DATA1001/ENVX1002 Foundations of Data Science/Introduction to Statistical Methods Semester 1 Main, 2018

发布时间:2023-05-15

Hello, dear friend, you can consult us at any time if you have any questions, add WeChat: daixieit

Semester 1 Main, 2018

DATA1001/ENVX1002

Foundations of Data Science/Introduction to Statistical Methods

1. In late 2012, Transport for NSW introduced the Opal Card, which is a credit-card sized smartcard for paying for public transport in Sydney and nearby areas. A passenger taps “on”when they begin their journey, and taps“o↵”when they reach their destination.

 

Data was collected over a week in July 2016 for the following 6 variables:

• mode of public transport - bus, train, light rail and ferry.

• date - in yyyymmdd format, eg 20160730 is 30/07/2016.

• tap type - “on”and“o↵”.

• time - in 24hr time collected in 15 minute intervals.

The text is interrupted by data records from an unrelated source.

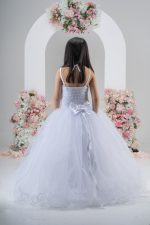 - Bodice: Intricate lace design with delicate pearl beading along the neckline and waistline, adding a touch of sophistication.
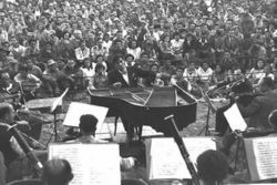 Л. Бернстайн выступает с Израильским филармоническим оркестром. Беер-Шева, 1948 г. Фото Х. Мендельсона. Государственное бюро печати. Израиль.
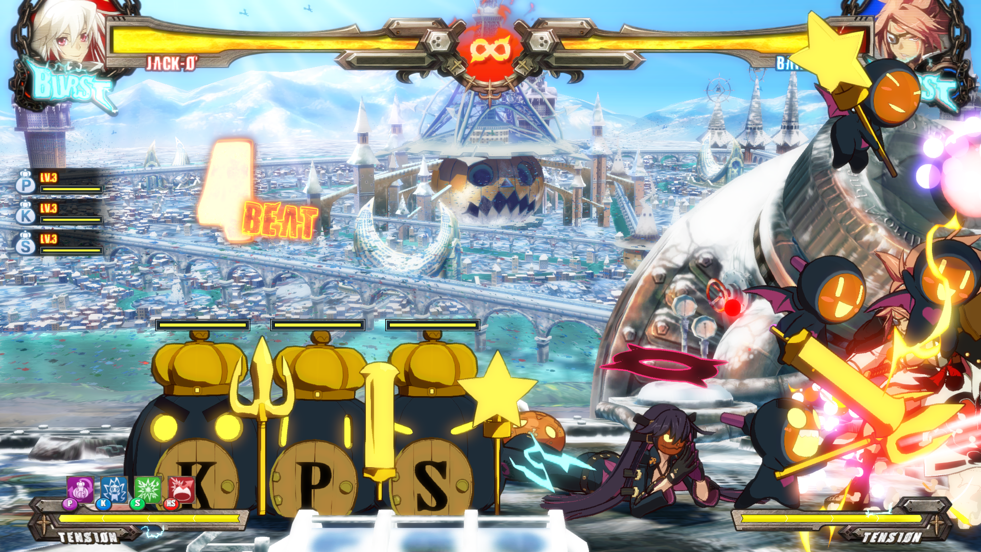 Да, у Джак-О подсосы тока закрывают пробелы в комбо. Но при этом, что забавно, они же могут и сбивать некоторые мувы самой же Джак-О, как тот удар, выглядящий как комманд граб.

• location - denoted by postcode and names of train stations, ferry wharves and light rail stops.

• count - the number of taps“on”or“o↵”.

opal = read .csv("data/opal .csv")

dim(opal)

## [1] 215630      6

head(opal,4)

##   mode     date tap  time  loc count

## 1  bus 20160730  on 02:30 2000   415

## 2  bus 20160730  on 02:30 2135    18

## 3  bus 20160730  on 02:30   -1    24

## 4  bus 20160730  on 02:30 2010    31

(a)   (i) Is this data a population or sample? Explain.

 

 

 

(ii)

 

 

 

Did the data collection come from a controlled experiment or an observational study? What di↵erence does that make to any conclusions drawn?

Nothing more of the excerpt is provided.